WORK TASK
Look in the data below for the line that has "The SR42UBWDSP1 houses", then print exactly every line from there through the line that has "2.了解「识者之证」的故事,答应帮助他们在蓝珀湖寻找隐藏的宝藏", leaving pictures out.

INPUT MATERIAL
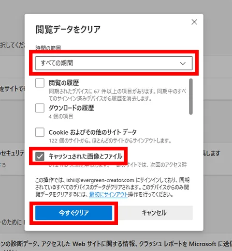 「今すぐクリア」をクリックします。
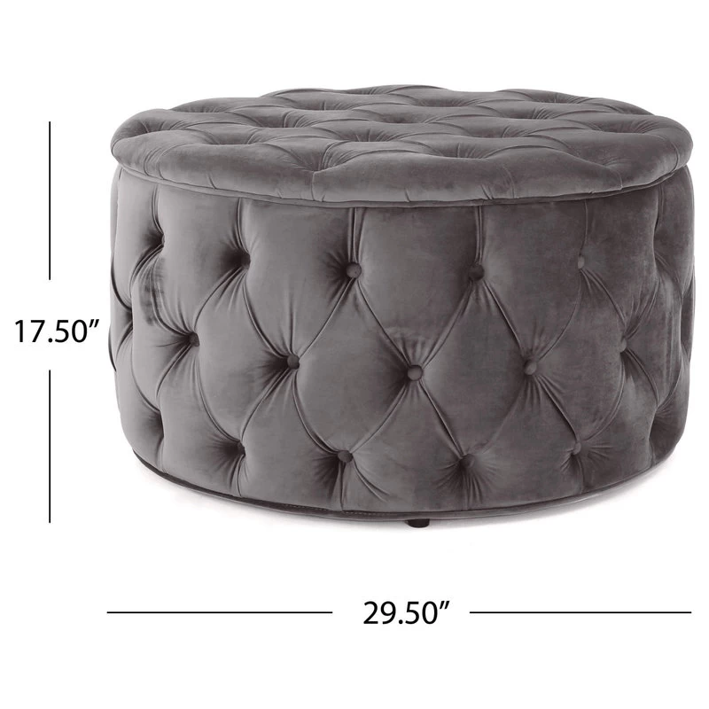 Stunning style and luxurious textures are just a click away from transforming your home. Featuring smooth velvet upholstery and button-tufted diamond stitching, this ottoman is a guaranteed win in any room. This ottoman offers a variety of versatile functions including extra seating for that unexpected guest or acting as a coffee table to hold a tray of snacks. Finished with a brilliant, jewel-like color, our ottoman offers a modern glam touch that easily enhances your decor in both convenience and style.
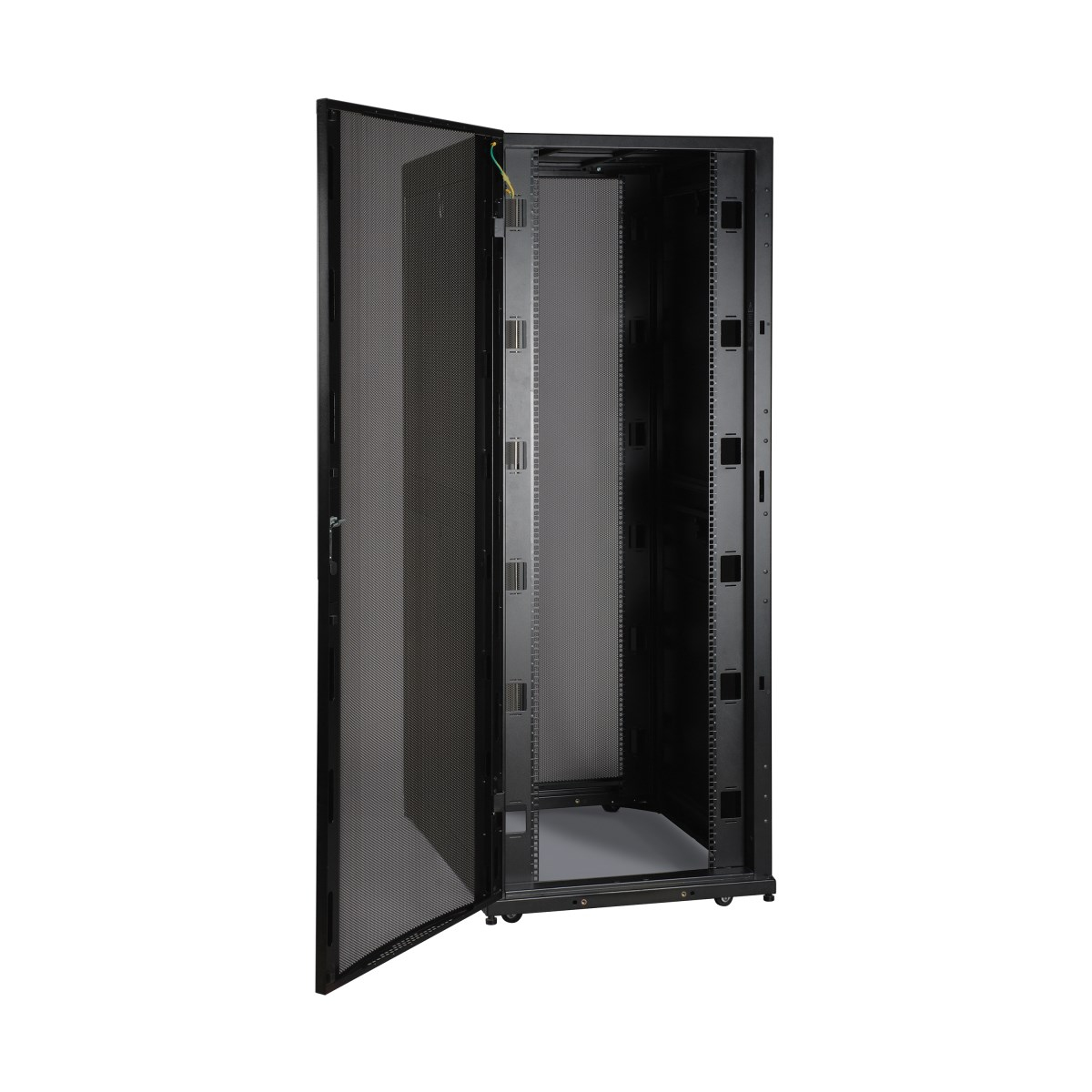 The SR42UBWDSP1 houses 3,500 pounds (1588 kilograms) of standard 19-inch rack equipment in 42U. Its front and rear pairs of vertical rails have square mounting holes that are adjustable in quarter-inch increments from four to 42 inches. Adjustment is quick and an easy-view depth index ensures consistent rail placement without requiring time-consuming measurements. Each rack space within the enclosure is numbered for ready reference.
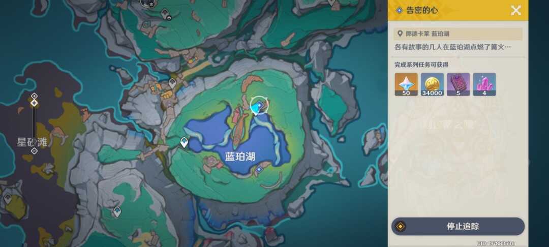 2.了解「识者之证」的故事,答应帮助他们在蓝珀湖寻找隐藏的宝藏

---

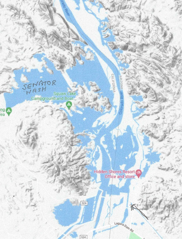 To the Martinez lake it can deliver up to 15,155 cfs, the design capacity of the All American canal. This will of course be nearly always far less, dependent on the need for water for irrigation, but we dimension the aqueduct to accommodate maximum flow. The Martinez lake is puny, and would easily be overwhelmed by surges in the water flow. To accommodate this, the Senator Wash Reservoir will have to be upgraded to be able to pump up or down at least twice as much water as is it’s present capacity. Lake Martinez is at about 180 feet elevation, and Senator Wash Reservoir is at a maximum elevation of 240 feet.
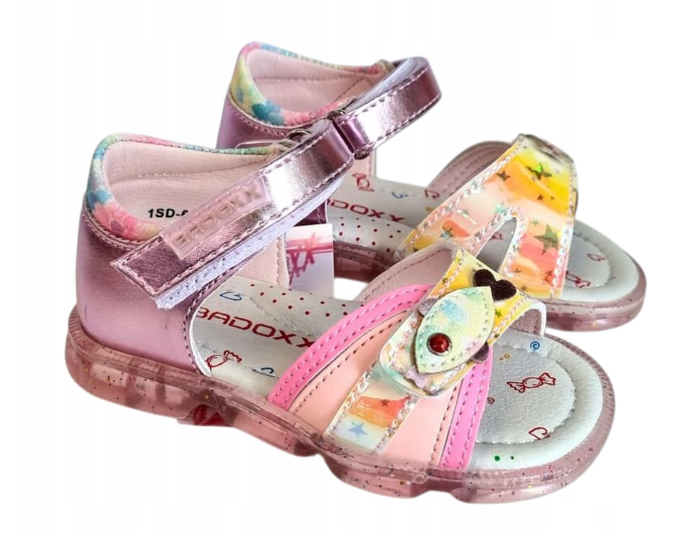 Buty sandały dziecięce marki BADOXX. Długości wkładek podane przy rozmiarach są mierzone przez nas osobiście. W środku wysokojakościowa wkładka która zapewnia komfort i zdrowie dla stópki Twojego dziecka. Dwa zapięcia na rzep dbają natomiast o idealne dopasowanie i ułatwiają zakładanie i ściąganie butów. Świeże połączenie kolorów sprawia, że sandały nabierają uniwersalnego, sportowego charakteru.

* * *

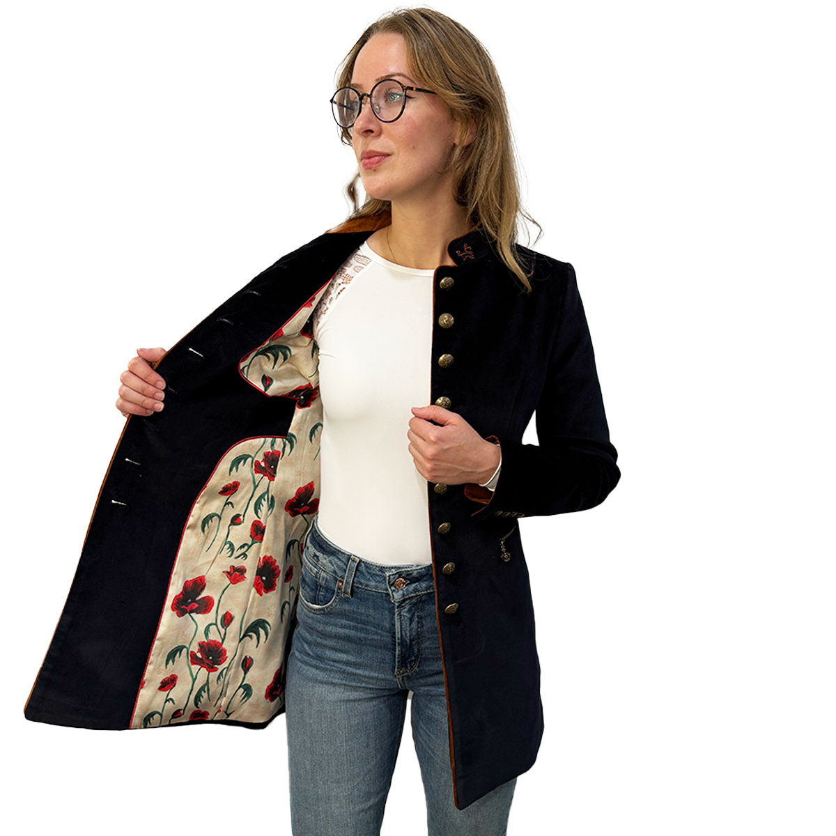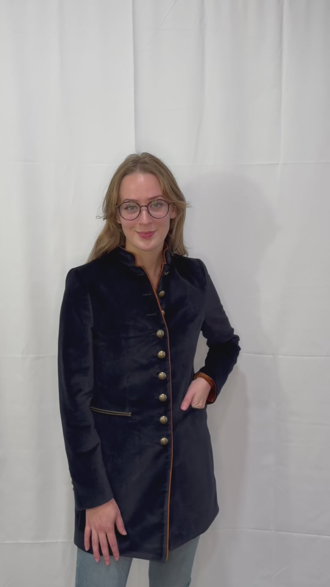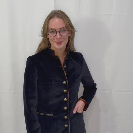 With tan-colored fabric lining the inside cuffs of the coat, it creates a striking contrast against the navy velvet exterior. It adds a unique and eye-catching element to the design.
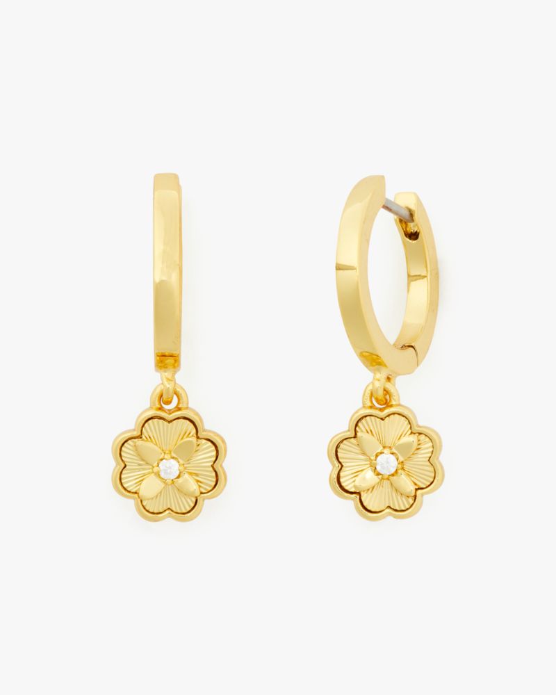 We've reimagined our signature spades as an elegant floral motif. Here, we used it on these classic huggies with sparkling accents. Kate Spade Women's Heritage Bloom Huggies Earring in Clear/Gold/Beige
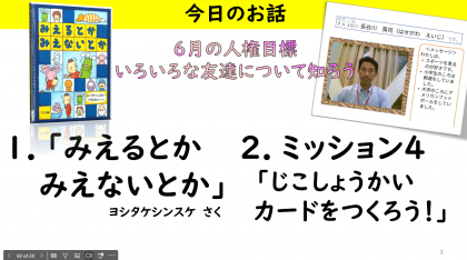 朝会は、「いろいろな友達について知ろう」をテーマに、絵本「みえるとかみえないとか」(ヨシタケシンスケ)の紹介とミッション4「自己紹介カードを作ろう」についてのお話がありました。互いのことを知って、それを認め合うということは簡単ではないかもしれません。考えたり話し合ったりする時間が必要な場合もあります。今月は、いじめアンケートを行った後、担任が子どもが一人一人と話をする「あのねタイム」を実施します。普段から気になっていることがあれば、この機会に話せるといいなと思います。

EXPECTED ANSWER
 The SR42UBWDSP1 houses 3,500 pounds (1588 kilograms) of standard 19-inch rack equipment in 42U. Its front and rear pairs of vertical rails have square mounting holes that are adjustable in quarter-inch increments from four to 42 inches. Adjustment is quick and an easy-view depth index ensures consistent rail placement without requiring time-consuming measurements. Each rack space within the enclosure is numbered for ready reference.
 2.了解「识者之证」的故事,答应帮助他们在蓝珀湖寻找隐藏的宝藏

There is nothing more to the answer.